О времена! О нравы! 2
Подборка исторических зарисовок из книг известных писателей-ученых приведена мною единственно только лишь для ознакомления широкого круга читателя с историческими сведениями о предках туркмен. Читателям, пожелающим обвинить меня в пропаганде жестокости сразу отвечаю: именно потому, что мир устал от такого существования (те обрывки Великой мировой истории, которые приведены мной) и возникла эпоха Возрождения человечества - поворота к его первоначальной сущности бытия – Гуманизму (человечности), с высоты которой в настоящее время все мы и вглядываемся в наше общее прошлое (такое страшноватое и ужасное, но для предков наших даже очень приличное, ведь они с таким восторгом описывают некоторые моменты своего времени, от которых у потомков холодеет кровь). Это наши общие предки – а родителей, как известно, не выбирают.
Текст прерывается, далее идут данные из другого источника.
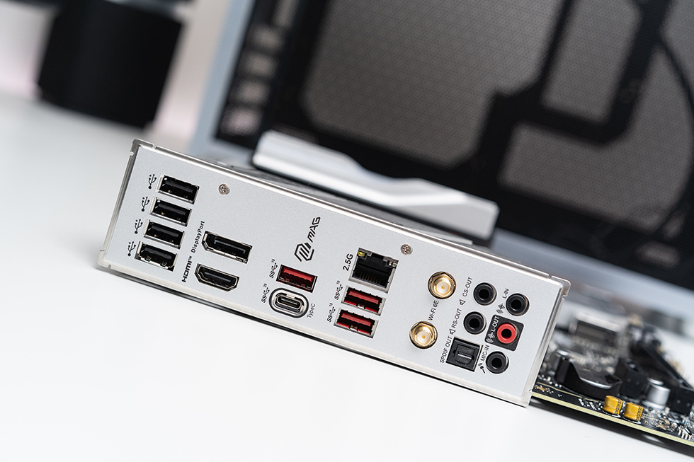 微星 MAG B760M MORTAR WIFI主板采用一体背板。IO接口方面,主板提供 4 个USB 2.0 接口、3 个 USB 3.2 Gen 2 10Gbps 接口和1 个 USB 3.2 Gen 2x2 20Gbps Type-C 接口。 1 组 HDMI 2.0 和 1 组 DisplayPort 1.4 接口,两者都支持最高 4096x2160@60Hz 分辨率,并支持 HDCP 2.3、HDR 及 4K Ultra HD 播放,板载 2.5G高速网口与 AX200 WiFi6 无线网卡,板载声卡支持 7.1 声道输出。
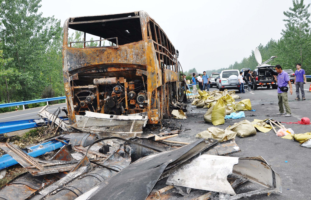 圖:客車燒毀嚴重 中新社
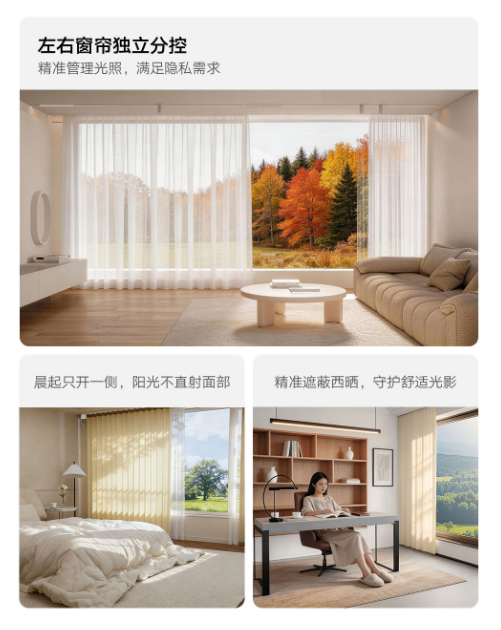米家智能窗帘3 Pro的核心亮点是左右窗帘独立控制功能,单根轨道即可分别调控两侧窗帘,有效解决传统智能窗帘无法精细化遮光的痛点,实现室内采光与遮阳兼得,真正做到“分区自如采光”。这一功能可适配多种生活场景:早晨只开床头一侧,避免阳光直射面部,实现温柔唤醒;午后西晒时,精准关闭有人活动一侧窗帘,兼顾舒适与护眼;白天使用电子设备时,关闭屏幕一侧窗帘缓解反光;家中有怕晒家具时,微调一侧即可精准遮挡,同时保持整体明亮;中午小憩时,微调有人一侧窗帘,避免刺眼光线且不致闷热。
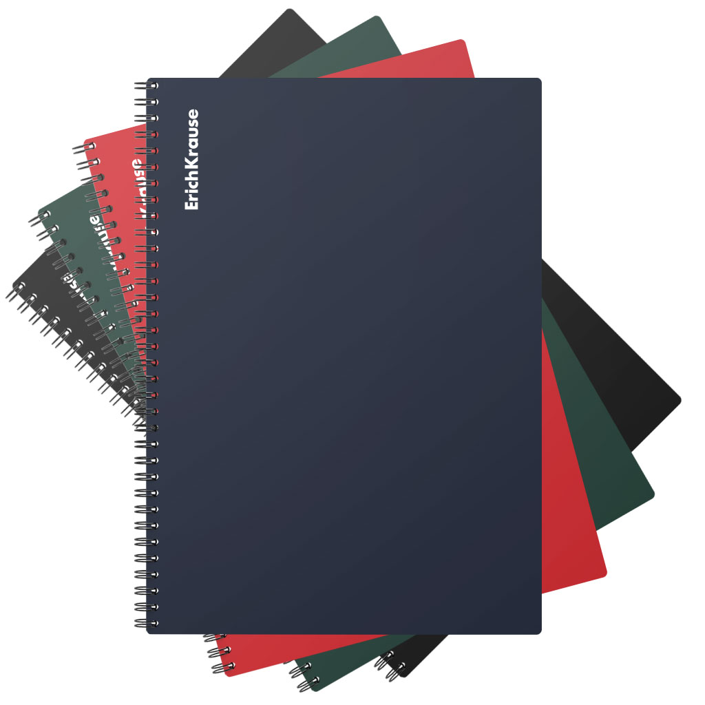 Тетрадь общая формата А4 (210x297 мм). Обложка из высококачественного износостойкого матового пластика с фактурой «песок». В блоке 60 листов в клетку. Бумага офсетная плотностью 60 г/м2. Цвет линовки — синий. Скругленные уголки обложки. Тип скрепления — спираль. Тетради одного цвета упакованы в термоусадочную пленку по 3 штуки. Товар поставляется в нескольких вариантах цвета без возможности выбора. |
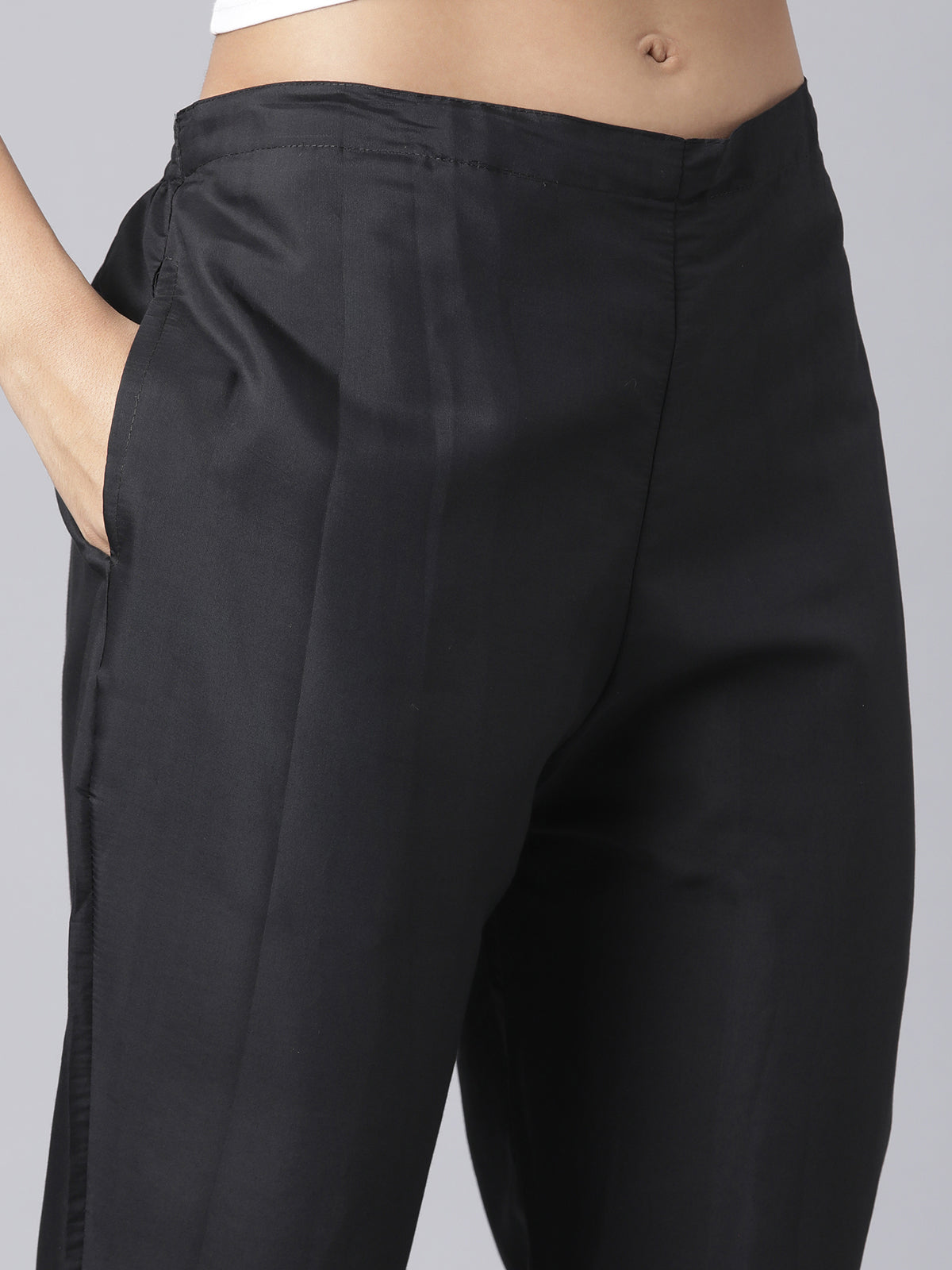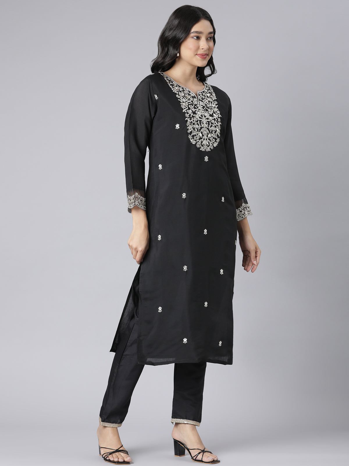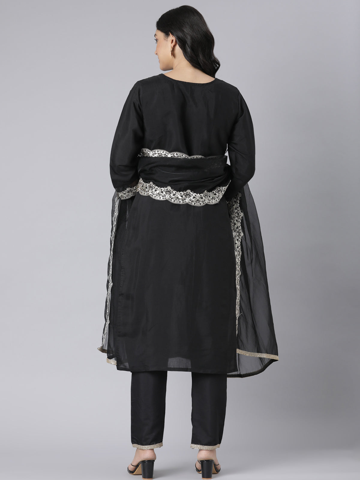 Black Floral Embroidered Kurta Set with Silver Threadwork and Organza Dupatta
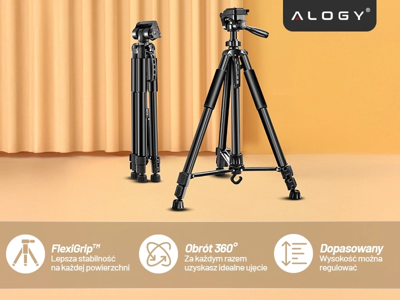 ⭐ Najnowszy model ⭐ Kompatybilność z telefonami, aparatami i kamerami ⭐FlexiGrip™ – stabilność na każdej powierzchni⭐ SmartLock™ – szybka i bezpieczna regulacja nóg ⭐ Obrotowa głowica 360° ⭐ LevelPro™ wbudowana poziomica ⭐ Lekka konstrukcja 930 g ⭐ Maksymalne obciążenie 3 kg ⭐ Regulowana wysokość 59–170 cm ⭐10 lat doświadczenia w branży ⭐ ponad 50.000 zadowolonych klientów marki Alogy ⭐
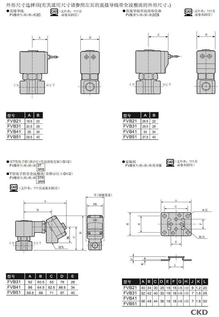 詳細信息 FVB21-6-Z-B2CR,FVB31-6-3-B2CR,FVB41-8-5-B2CR,FVB51-8-5-B2CR,FVB51-8-6-B2CR,CKD直動式2通電磁閥
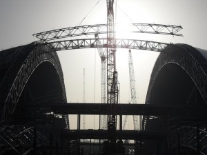 31. Bigge utilized several cranes and gantry systems to help place a portion of the San Francisco Bay Bridge
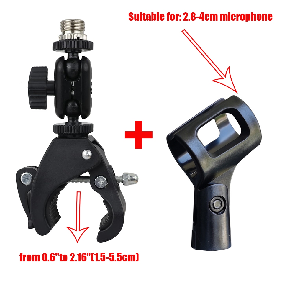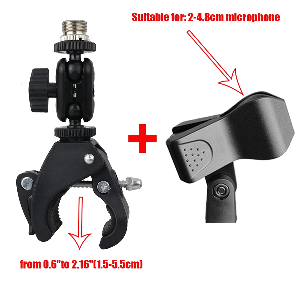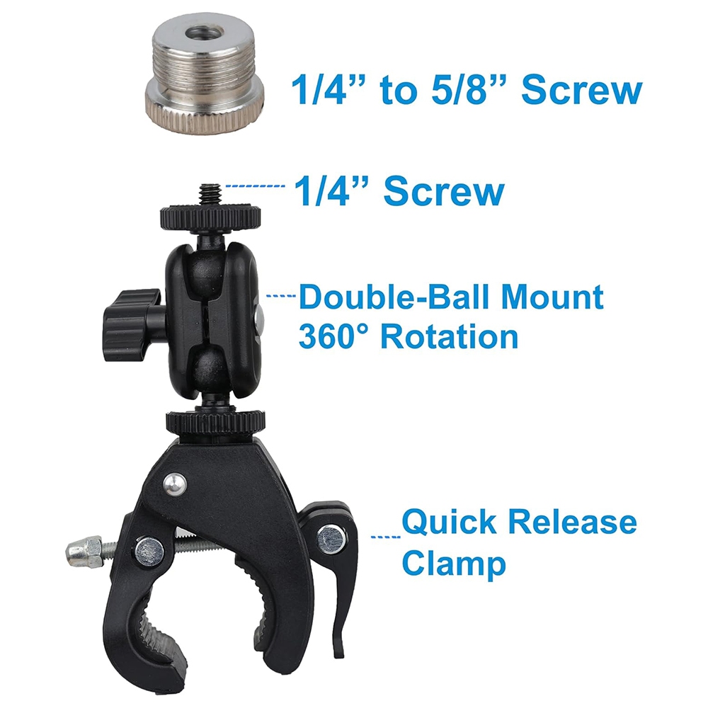 Mic Crab Clamp Microphone Mount with Double Ball Head Adjustment 1/4" to 5/8" Thread, Fits Mic Stand, Drum Stand, Desktop Shelf
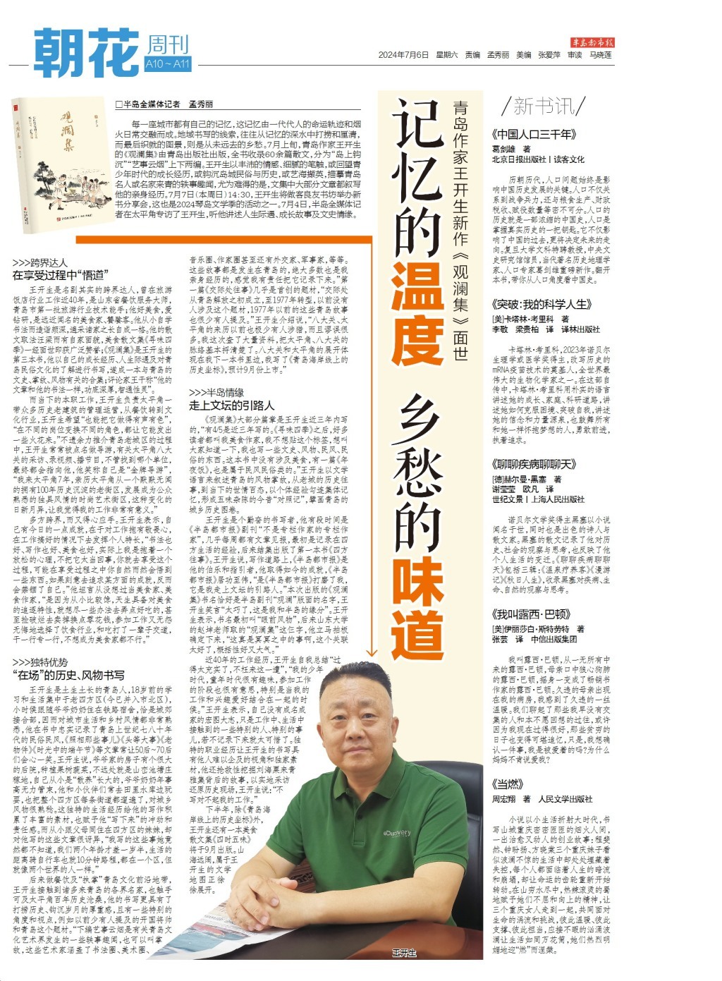 每一座城市都有自己的记忆,这记忆由一代代人的命运轨迹和烟火日常交融而成。地域书写的线索,往往从记忆的深水中打捞和厘清,而最后织就的图景,则是从未远去的乡愁。7月上旬,青岛作家王开生的《观澜集》由青岛出版社出版,全书收录60余篇散文,分为“岛上钩沉”“艺事云烟”上下两编。王开生以丰沛的情感、细腻的笔触,或回望青少年时代的成长经历,或钩沉岛城民俗与历史,或艺海撷英,描摹青岛名人或名家来青的轶事趣闻,尤为难得的是,文集中大部分文章都叙写他的亲身经历。7月7日(本周日)14:30,王开生将做客良友书坊举办新书分享会,这也是2024琴岛文学季的活动之一。7月4日,半岛全媒体记者在太平角专访了王开生,听他讲述人生际遇、成长故事及文史情缘。
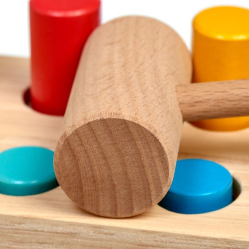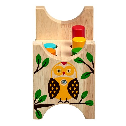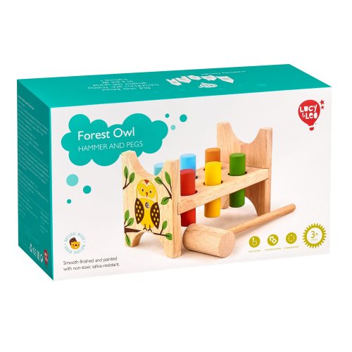 Lesná sova je klasická drevená zatĺkačka s farebným veselým obrázkom pre chlapcov aj dievčatá. Má drevenú dosku so šiestimi otvormi a kladivko, ktoré slúžia na nácvik zatĺkania 6tich farebných kolíkov. Po zatlčení všetkých kolíkov sa stojan otočí a môže sa začať opäť zatĺkať. Hračka slúži na rozvoj jemnej motoriky, koncentrácie a predovšetkým koordináciu pohybu. Rozmery stojanu 13,8 x 8,5 x 9,3 cm.
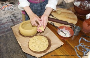 After the lard has been melted completely in the boiling water, it is added to flour and the coffin is built. The design on the lid is the designated design for the receipt (recipe) Other Tart of Pears per Robert May.
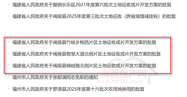 海西房产网(微信公众号:fjhxfcw)消息:11月12日,福建省人民政府批复“闽侯县智慧大道北侧片区、晓岐路北侧片区、竹岐乡榕西片区土地征收成片开发方案闽政地榕〔2025〕217号、218号、219号”。
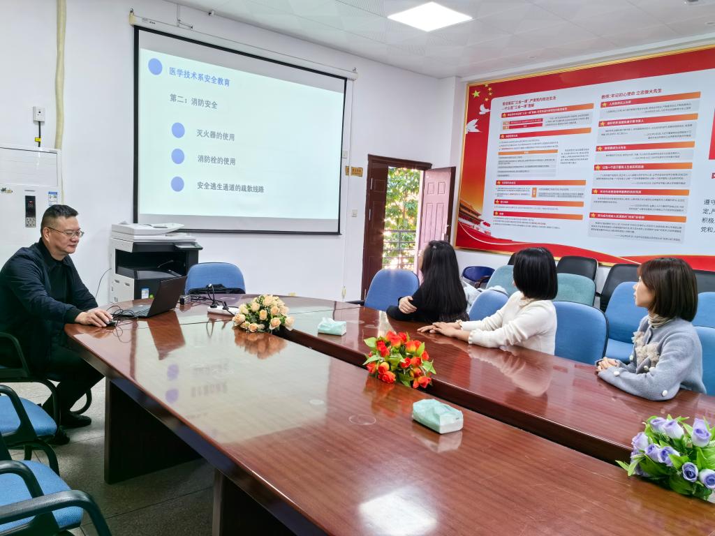 为增强2022年新入职教师的安全责任意识,医学技术系于2022年12月5日在会议室,由系安全员吴香书老师为3位新教师开设医学技术系安全教育讲座。讲座从安全意识、消防安全、实训室准入等三个方面对新教师进行培训,3位新教师均表示受益匪浅。

Исторические зарисовки о ТЮРКАХ (предках туркмен)
ГОЛУБАЯ ЮРТА
«Нам дворцов заманчивые своды - Не заменят никогда свободы! (песенка из к\ф»Бременские музыканты»)
Очень часто приходится читать или слышать, что вот- де древние туркмены кочевники - степняки, пастухи «перекати-поле», живущие аламанами и страдающие от них же, не оставили после себя, практически, никаких рукотворных памятников как – то: крепости, дворцы, храмовые сооружения, мавзолеи, да и просто дома - обычные жилища. Ведь они на протяжении своей многовековой истории существования соседствовали с такими великими цивилизациями как, например, Персия, красота городов и остатки крепостей-поселений которой, впечатляет до сих пор путешественников и ученых.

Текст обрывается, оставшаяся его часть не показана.